Гляжу — по переулку прямо идет этот Альберт! И еще сигарету покуривает через толстый мундштук. Я думаю: ну как же мне его задержать? Ух, ты! Вот когда мне обидно, что должна я соблюдать полную законность. Ну, не за что мне его не допустить на сквер!
И вдруг я вижу: он вынимает из мундштука окурок, бросает на тротуар… Вот за это, думаю, спасибо! Это мне подарок!.. Принимаю официальное выражение лица и говорю служебным голосом:
— Гражданин, одну минуточку!
— А? Что?
— Зачем же вы, гражданин, нарушаете?
— Я?
— Вы! Окурок вы сейчас бросили?
— Ах, это… ну, бросил…
— Нет, не «это»! Вам, гражданин, никто не давал права так вести себя в условиях, когда мы стараемся весь город держать в полном порядке. Вот вы сами как будто грамотный, на гитаре играете, должны бы вроде соображать, что к чему. Так?
Ну, и пошла, и пошла… Слава богу, внушение сделать мы умеем!..
— Подымите окурок, гражданин! Подымите, подымите! Вот так! Теперь отойдем в сторонку… Что же у вас в таком случае получается? Вместо того чтобы способствовать поддержанию чистоты как на улицах, так и в помещениях, вы позволяете себе откровенно замусоривать…

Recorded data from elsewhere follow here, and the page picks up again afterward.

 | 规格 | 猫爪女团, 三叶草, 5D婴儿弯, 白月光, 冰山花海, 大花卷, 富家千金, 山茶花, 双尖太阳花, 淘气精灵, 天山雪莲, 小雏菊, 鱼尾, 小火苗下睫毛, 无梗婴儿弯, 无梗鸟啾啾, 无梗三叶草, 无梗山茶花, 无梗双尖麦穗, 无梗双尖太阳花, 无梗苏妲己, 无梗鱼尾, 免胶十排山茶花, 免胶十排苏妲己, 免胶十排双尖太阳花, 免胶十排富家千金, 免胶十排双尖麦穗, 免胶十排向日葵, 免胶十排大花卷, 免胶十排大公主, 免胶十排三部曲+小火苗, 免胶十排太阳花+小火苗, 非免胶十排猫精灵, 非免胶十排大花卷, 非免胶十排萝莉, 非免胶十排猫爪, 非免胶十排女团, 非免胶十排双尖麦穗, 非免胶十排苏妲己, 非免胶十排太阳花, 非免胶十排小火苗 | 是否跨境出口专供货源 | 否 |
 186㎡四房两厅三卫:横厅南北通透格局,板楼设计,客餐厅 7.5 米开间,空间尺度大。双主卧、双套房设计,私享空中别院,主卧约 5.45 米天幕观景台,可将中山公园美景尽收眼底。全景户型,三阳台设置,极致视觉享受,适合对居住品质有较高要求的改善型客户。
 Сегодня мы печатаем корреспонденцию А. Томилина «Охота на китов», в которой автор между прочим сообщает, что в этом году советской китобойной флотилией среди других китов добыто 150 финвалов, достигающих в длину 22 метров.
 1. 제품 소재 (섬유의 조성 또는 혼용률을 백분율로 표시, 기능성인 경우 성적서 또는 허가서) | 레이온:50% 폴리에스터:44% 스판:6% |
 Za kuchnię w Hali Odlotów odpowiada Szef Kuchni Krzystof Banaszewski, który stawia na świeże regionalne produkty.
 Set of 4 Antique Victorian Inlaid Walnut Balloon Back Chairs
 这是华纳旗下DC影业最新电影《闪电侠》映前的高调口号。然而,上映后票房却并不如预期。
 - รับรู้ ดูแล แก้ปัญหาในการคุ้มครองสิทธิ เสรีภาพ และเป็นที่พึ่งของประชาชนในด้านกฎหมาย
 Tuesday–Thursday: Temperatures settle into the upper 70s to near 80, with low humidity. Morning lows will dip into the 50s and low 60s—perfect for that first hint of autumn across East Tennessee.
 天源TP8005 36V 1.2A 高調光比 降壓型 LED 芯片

Я сама рассуждаю, а сама все поглядываю на скамью: сидят они там еще? Сидят! Я тогда давай опять журчать:
— Вот вы вдумайтесь, что именно сейчас вы сделали? Вы, может, считаете, что это мелкое дело — бросить окурок. А вы прикиньте: сколько у нас в городе жителей? Если каждый житель кинет только один окурок в день, у нас же получится гора «Казбек» и других сортов. Так?
В общем, не выдержал мой Альберт. Смотрю — пятится от сквера, пятится, а сам в кулаке окурок несет, ровно воробья живого: аж трепыхается у него кулак. Я тут нарочно отвернулась, будто в планшете ищу квитанцию… Он тогда прыг в сторону и бегом от меня!.. Мне и смешно, и нельзя громко смеяться: все-таки я при исполнении…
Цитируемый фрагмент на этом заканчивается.